Chapter 3

95 17 20
                                    


Lelaki itu terus menyeret Nadia memasuki desa, sesekali ia menjilat darah yang menempel di tangannya.

Saat melihat Nadia, penduduk desa langsung lari terbirit-birit berkumpul, mereka menatap lapar ke arah Nadia yang tidak sadarkan diri. Darah yang mengalir dari tubuh Nadia terlihat sangat menggiurkan bagi mereka.

Suara tabuhan gendang terdengar begitu keras, ada beberapa penduduk desa yang berjoget sambil terus menatap Nadia.

Nadia digiring ke rumah ke ujung desa, ada beberapa penduduk desa yang tidak sabaran untuk memakan daging Nadia. Bahkan beberapa tak segan-segan untuk mendekati tubuh Nadia hanya untuk mencicipi darah segar Nadia. Tapi mereka tak berani berulah lebih lanjut, karena perbuatan mereka segera ditepis dengan kasar oleh para penjaga yang entah kapan datangnya.

Terlihat salah satu penduduk desa berjongkok dan mengambil tanah yang sudah bercampuran dengan darah Nadia di sana, matanya sangat berbinar saat melihat tanah bercampur darah itu. Ia segera memakan tanah itu dengan ekspresi yang sangat menikmati.

Saat tiba di sebua rumah yang berada di ujung desa, lelaki titahan kepala desa segera menggendong tubuh Nadia layaknya karung ke dalam rumah tersebut. Kemudian kedua tangan Nadia di ikat hingga kakinya tak berpijak. Nadia diikat menggantung layaknya seonggok daging segar yang digantung.

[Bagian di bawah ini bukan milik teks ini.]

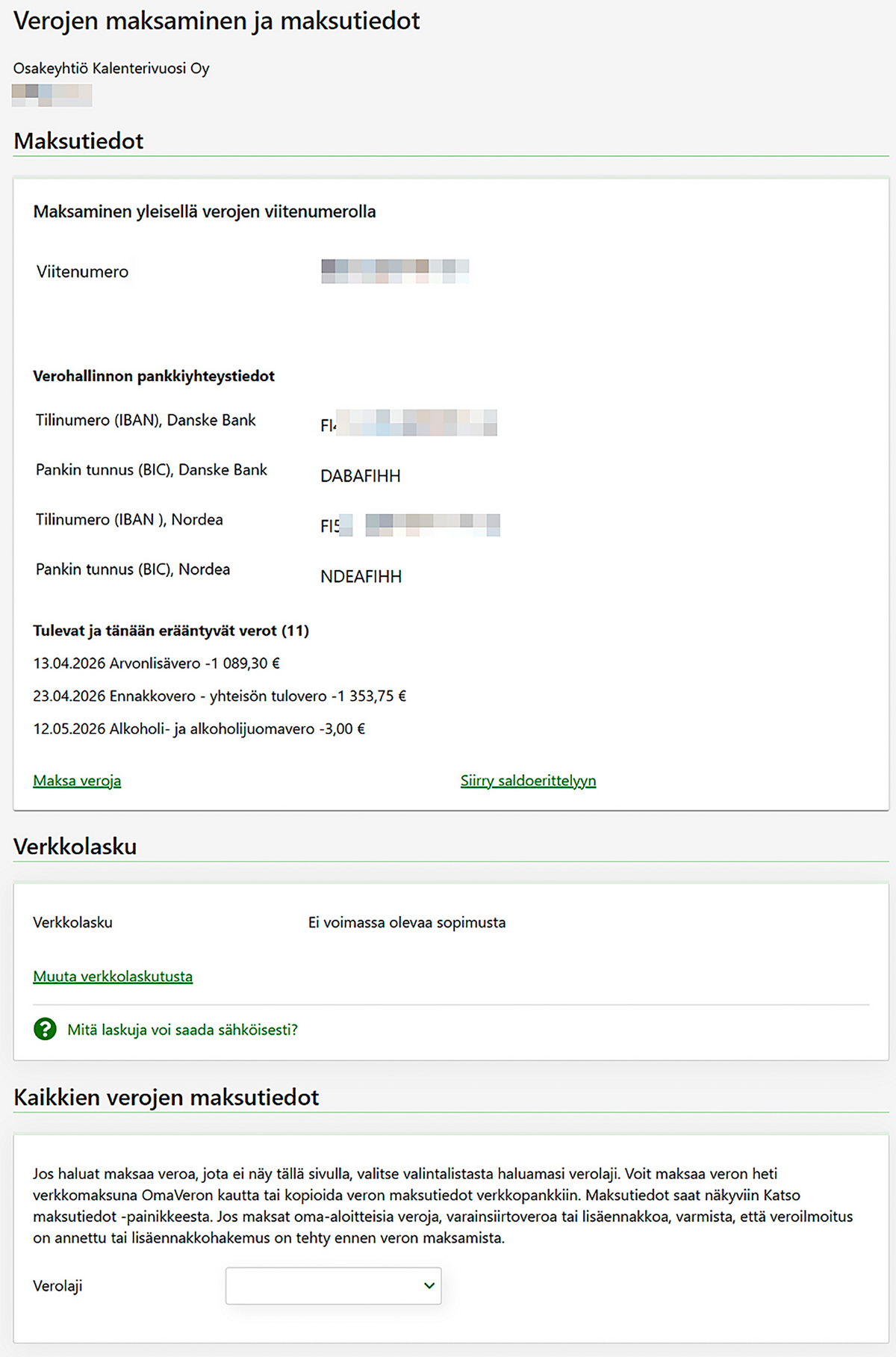 Verojen maksutilanne -välilehdeltä käyttäjä näkee käytettävissä olevat maksut eriteltyinä sen mukaan, millä viitenumerolla maksu on suoritettu. Yleisen verojen viitenumerolla maksettuja maksuja koskevan paneelin lisäksi sivulla voi asiakkaan tilanteesta riippuen näkyä myös seuraavat verolajikohtaiset paneelit:

Lagi dan lagi, lelaki itu kembali menjilat darah Nadia yang mengalir di pelipis hingga pipi. Nadia meringis merasakan itu, tapi matanya masih terpejam lelah. Hingga Nadia kembali mengerang kesakitan dan memaksakan diri untuk membuka matanya.

"Darah, enak," gumam lelaki itu kembali menjilat darah di pipi kanan Nadia.

Tubuh Nadia bergetar saat perlahan kesadarannya pulih. Ia melihat sebuah siluet lelaki yang wajahnya berada sangat dekat dengan dirinya. "To-tolong," ucap Nadia baru tersadar dari pingsannya. Suaranya terdengar lemah tak berdaya, mungkin karena beberapa kali terbentur dan kehilangan banyak darah.

"Hiks ... to-lo-"

"Sshhttt ...."

Lelaki itu menari telujuknya di bibir Nadia.

"Darah, enak. Cobalah," kata lelaki itu memasuk telujuknya ke bibir Nadia, memaksa Nadia agar menelan darahnya sendiri.

"Hueeekk ...."

"Manusia sialan!" Lelaki itu langsung membulatkan matanya lebar saat Nadia memuntahkan semua isi perutnya ke dirinya. Ia segera melangkahkan kakinya menuju pintu dengan amarah.

BRAAAK ....

***

"Bagaimana ini? Nadia hilang," Resah Syira tatkala mendapati salah satu sahabatnya hilang. "Darwin ini salahmu!" ucapnya kemudian.

Darwin menundukkan kepalanya benar-benar merasa bersalah. Ya, tentu ini salahnya, bagaimana bisa ia begitu tega meninggalkan sahabatnya sendirian di hutan belantara seperti di sini. Dan lihat akibatnya, kini bahkan tak hanya dirinya yang dirundung rasa khawatir, tetapi juga seluruh sahabat-sahabatnya.

"Sudah-sudah," ucap Ikhsan menengahi. "Percuma menyalahkan Darwin, toh Nadia gak akan balik dengan sendirinya kalau kita menyalahkan Darwin terus. Sekarang yang harus kita pikirkan bagaimana cara kita menemukan Nadia," jelas Ikhsan bijak.

"Aku sependapat dengan Ikhsan, sekarang sebaiknya kita mulai mencari Nadia sebelum Nadia benar-benar hilang terlalu jauh." Rika pun ikut memberi suara.

"Oke kalau begitu sekarang kita ambil senter dulu," ucap Wildan segera berlalu menuju mobil mereka untuk mengambil peralatan keselamatan. Agun dan Aldi pun juga mengikuti Wildan untuk membantunya.